Я все еще во власти сна и все еще вижу приборную доску в кабине летчика. Но теперь на ней отчетливо прорисовываются позабытые во сне приборы, и я, успокоившись, начинаю вспоминать режим посадки: пикирование, выравнивание, планирование… Что там еще? Нет, разумеется, без посторонней помощи я бы самолет не посадил. Да нас, механиков, и не готовили к этому, хотя и заставляли зубрить всякие режимы управления самолетом.
Сон наконец выпускает меня из своих тенет, и до меня доходит, что я пялюсь в стенку, выкрашенную бледно-зеленой краской. Повернувшись на другой бок, вижу полураскрытый рот спящего соседа по номеру, струйку тягучей слюны на подушке, замечаю графин на тумбочке и прямо из горлышка делаю несколько глотков тепловатой воды… отдуваюсь, приподнимаюсь на руке и смотрю в раскрытое настежь окно.
Там, за окном, по пустынной площади движутся одна за другой три поливальные машины, выбрасывая в стороны обильные струи воды, в которых переливаются яркие красно-зеленые пятна радуги. Квадратная площадь, по которой ползут машины, словно глухим забором окружена невыразительными пятиэтажными зданиями, и звуки, издаваемые машинами, мечутся в этом квадрате, ломаются, распадаются на гул, визг, рев, стон, сливаются снова, взвинчиваясь до истерики, и бьются в стены окружающих площадь домов, не находя выхода.
Еще нет пяти часов, поливальщики только начали свою работу, неизвестно, сколько она продлится, а я хочу спать. Чертыхаясь, встаю с постели и иду к окну.
Раннее солнце щедро золотит бетонно-стеклянное здание обкома партии напротив, памятник Ленину с простертой вдаль рукой и верхушки голубых елей вокруг него.
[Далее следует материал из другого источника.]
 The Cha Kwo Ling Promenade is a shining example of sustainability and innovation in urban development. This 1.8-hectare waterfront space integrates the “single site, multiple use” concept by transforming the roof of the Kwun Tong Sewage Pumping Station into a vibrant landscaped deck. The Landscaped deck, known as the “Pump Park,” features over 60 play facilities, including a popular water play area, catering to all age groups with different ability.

День вызревает знойный и душный. Такой же, как и вчера.
Я плотно закрываю окно и снова ложусь в постель. Однако уже не спится.
Вчера на банкете по случаю сдачи в эксплуатацию газоперерабатывающего комплекса я перебрал, хотя, видит бог, не хотел этого. Давно не пил — в этом все дело. А еще — жара. Ну, и соседи по столу… люди вроде бы вполне приличные, но как же они старались накачаться сами и накачать меня, словно поставили себе цель не оставить на столе ничего, что там имелось. Не помогло даже то, что я сказал им о своей язве. Наоборот, это лишь подзадорило их.
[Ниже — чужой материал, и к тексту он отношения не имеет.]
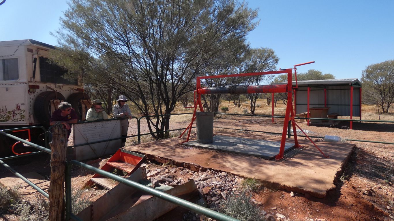 it submerged to contain 50 litres. Sometimes we were impatient and only retrieved 30 litres. With about 150 litres each that's a lot of winching. So we all needed a rest, to contemplate what must have been required to extract 60,000 gallons / hour, the quoted capacity of the well. And wonder if the cattle could drink that fast. ..... we think the tank is a modern addition, now disused. |
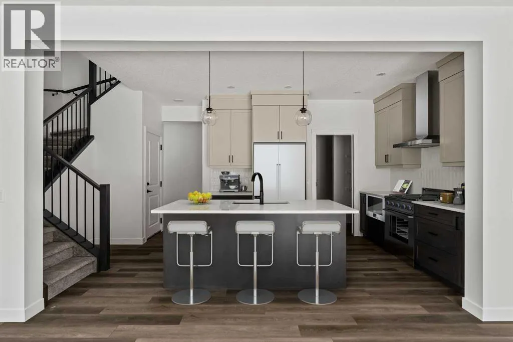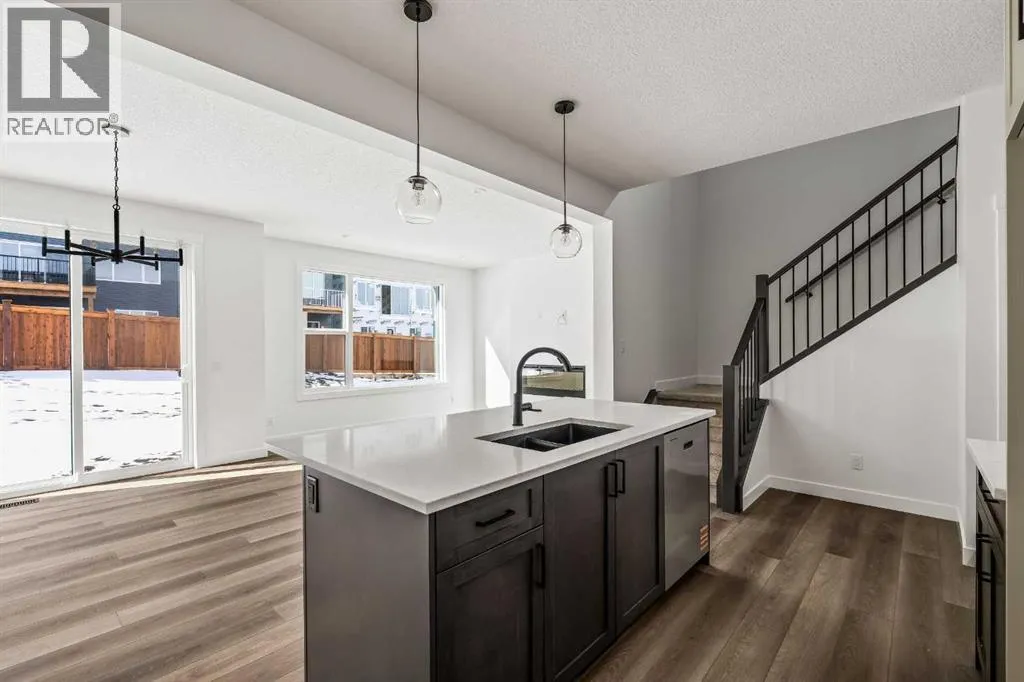 This brand-new home by Brookfield Residential is move-in ready in the sought-after community of Starling and features a desirable west-facing backyard! The popular Rundle 24 floor plan offers a Farmhouse elevation and a thoughtfully designed layout featuring 2 living areas, 3 bedrooms, 2.5 bathrooms all above grade, plus a fully legal one-bedroom basement suite with its own private entrance. The chef-inspired kitchen features shaker cabinetry in a timeless warm colour palette with contrasting maple lower cabinets and oversized central island. The kitchen is equipped with built-in microwave, chimney range hood, and slide-in range. A spacious walk-through pantry, conveniently accessed from the mudroom and double attached garage, enhances everyday functionality. The kitchen opens seamlessly to the dining and living areas, creating the perfect space for both entertaining and daily living. A wall of windows across the back of the home fills the main floor with natural light, while patio doors off the dining area lead to the sunny west backyard -Â ideal for summer evenings outdoors. The cozy electric fireplace in the living room adds warmth and charm during the colder months. Natural wood railings with iron spindles lead to the upper level, where a central bonus room thoughtfully separates the primary suite from the secondary bedrooms, providing both privacy and additional living space. The spacious primary retreat features a luxurious 5-piece ensuite with dual sinks, a soaker tub, walk-in shower, and a large walk-in closet. Two additional generously sized bedrooms, a full bathroom, linen closet, and a full laundry room complete the upper floor. The fully developed basement includes a legal one-bedroom suite with private side entrance, offering a full kitchen, living area, full bathroom, and its own private laundry - perfect for extended family or rental income. This home includes Builder Warranty and Alberta New Home Warranty for added peace of mind. Fully complete and mo ve-in ready, this property is ideal for growing families, investors seeking a dual-income opportunity, or buyers looking to live upstairs while generating rental income from the legal suite below. (id:27476)

— Язва! — воскликнул главный инженер промышленного объединения, краснощекий и красношеий, и подался ко мне своим массивным телом, которое и под одеждой наверняка такое же красное. — Да для язвы водка — самое лучшее лекарство! У меня тесть вылечил свою язву спиртом. Да-да! Пятьдесят грамм сливочного масла и столовая ложка чистого спиритуса ректификатуса. Три раза в день. Месяца три попринимал — и как рукой сняло. Вот курение для язвы — это, действительно, вредно, а водка… Пейте — не сомневайтесь! И побольше масла на хлеб!
Он пододвинул ко мне тарелку с желтыми жирными завитушками; состроил, переживая за меня, сострадательную гримасу на мясистом лице, словно вместе со мною тянул из рюмки тепловатую жидкость и давился куском хлеба с крестьянским маслом… потом одобрительно покивал головой, довольный своей убедительностью, и налил в рюмки снова. До самых краев.
И вокруг все пили, чокались или просто возносили рюмки: «Ну, будем!»… и гудели, вздымаясь и опадая, разговоры о том, что вот построили завод, еще будем строить такие же гиганты, что заткнем Европу за пояс, что того нет, этого не хватает, что скорее бы что-то изменилось, хотя никто не знал, что должно измениться и как… — обычные застольные разговоры, которые после четвертой-пятой рюмки меня уже не интересовали. Впрочем, меня подобные разговоры не волнуют и на трезвую голову: одно и то же на любом производстве, в любом конце Союза, стоит лишь собраться вместе двум-трем мужикам старше тридцати лет, будь то просто работяги, производственные инженеры или начальники всех степеней, директора заводов или даже партийные функционеры местного масштаба. Все хотят перемен, все чего-то ждут, но никто не знает, как эти перемены осуществить.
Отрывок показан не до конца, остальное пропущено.